Die Grenze dagegen, die in Ratzeburg zwischen dem Domhof und der Stadt verläuft, ist uralt. Während des späten Mittelalters trennte sie das Herzogtum Sachsen-Lauenburg von dem Grundbesitz des Bistums Ratzeburg. Nach dessen Säkularisierung zum Fürstentum und dem Westfälischen Frieden von 1648 wurde dieses Gebiet später Mecklenburg zugeordnet und den Strelitzer Herzögen unterstellt. Schon damals war das Fürstentum Ratzeburg der wohlhabendere Teil des kleinen Herzogtums, zudem erwies es sich für die Bewohner als angenehm, dass der Landesherr in Neustrelitz, also weit weg, residierte.

Aus welchen Gründen auch immer – auch während der deutschen Teilung von 1945 bis 1990 hielten die Domgemeinde und die Ziethener, nun auf westdeutschem Gebiet, die Fahne Mecklenburgs hoch und pflegten die Verbindungen in die östliche Mutterkirche. Aber diese war weder finanziell noch verwaltungstechnisch in der Lage, sich um ihre Gemeindeglieder und Gebäude westlich der innerdeutschen Grenze zu kümmern. Darum wurde 1954 ein separater Verwaltungsbezirk Ratzeburg gegründet und die Landeskirche Schleswig-Holstein mit der Verwaltung beauftragt. Doch auch die Zuordnung zu Nordelbien 1980 änderte nichts am alten Rechtsstatus.

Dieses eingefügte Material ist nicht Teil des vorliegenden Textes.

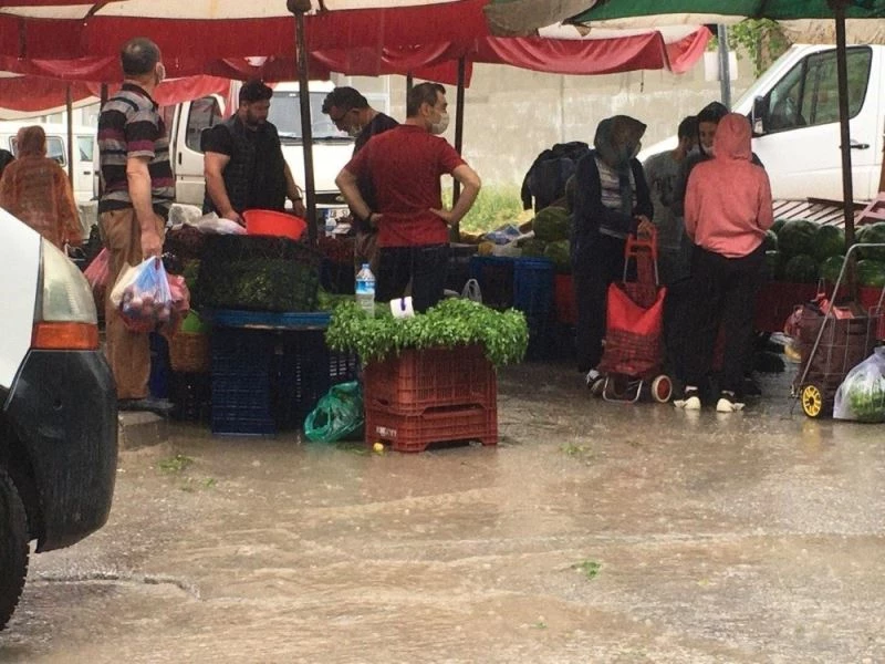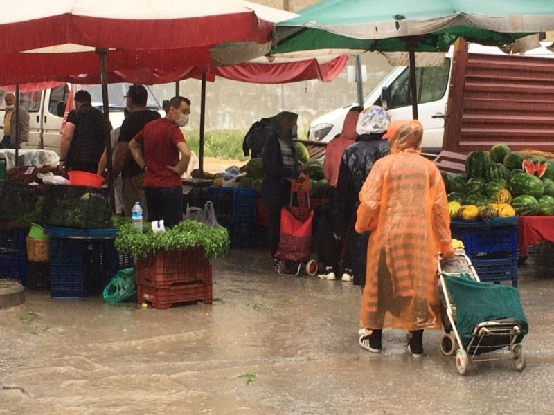 Eskişehir’de şiddetli yağmur, alışveriş için pazara gelen vatandaşları zor anları yaşattı.
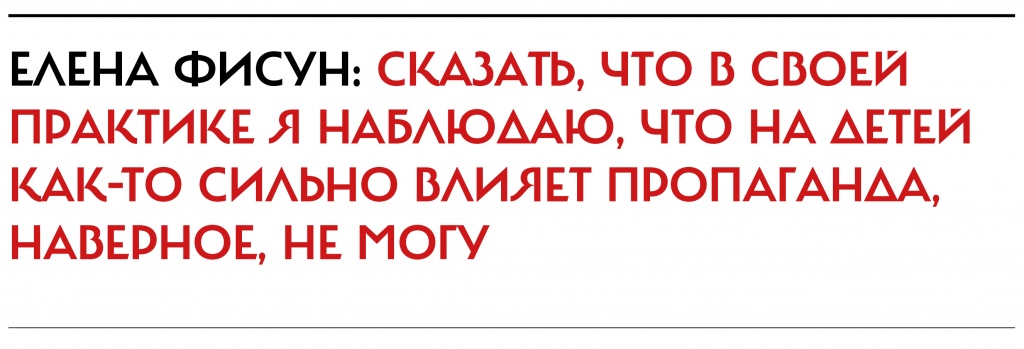 У средних школьников это, конечно, более сглажено. А у подростков — другое. Для них ведущая деятельность — группа, общение, они начинают образовывать коалиции между собой, кто за кого, какую точку зрения принимает. Это как одежда или прическа — я придерживаюсь определенной точки зрения, я за Путина, или наоборот, — я против Путина. Но сказать, что в своей практике я наблюдаю, что на детей как-то сильно влияет пропаганда, наверное, не могу. Если и влияет, то опосредованно, через семью.

Auch nach Wiedervereinigung blieb alles beim Alten

Diese Zugehörigkeit zur armen, ostdeutschen Landeskirche Mecklenburgs wurde auch durch ein Pappschild eindrücklich dem Besucher des Domes klargemacht. Es verschwand allerdings, nachdem am 12. November die Grenze an der alten Chaussee von Gadebusch nach Ratzeburg geöffnet wurde, und DDR-Mecklenburger sich in dem wohlsanierten und geheizten Dom darüber mokiert hatten.

Auch nach der Wiedervereinigung, ja selbst nach der Fusion zur gemeinsamen Nordkirche blieb faktisch alles beim Alten: Die Domgemeinde behielt einen Sonderstatus und wurde, statt wie alle anderen Gemeinden von einem Kirchenkreis, vom Landeskirchenamt in Kiel direkt verwaltet. Die ideale Lage inmitten der künftigen Nordkirche hatte sogar bei manchen zu Überlegungen geführt, hier den Sitz von Landesbischof und Landeskirchenamt zu errichten. Der damalige Domprobst (mit b, auch ein Sonderfall) hatte sogar laut davon geträumt, dass Ratzeburg Sitz eines lutherischen Erzbischofs werden könnte.

Doch mit diesem Sonderstatus soll nun Schluss sein. Die Ziethener hatten sich schon bald nach der Wiedervereinigung dafür entschieden, zum Kirchenkreis Lübeck-Lauenburg zu wechseln. Die Kirchenleitung will dies nun auch für die Ratzeburger Domgemeinde der Landessynode vorschlagen.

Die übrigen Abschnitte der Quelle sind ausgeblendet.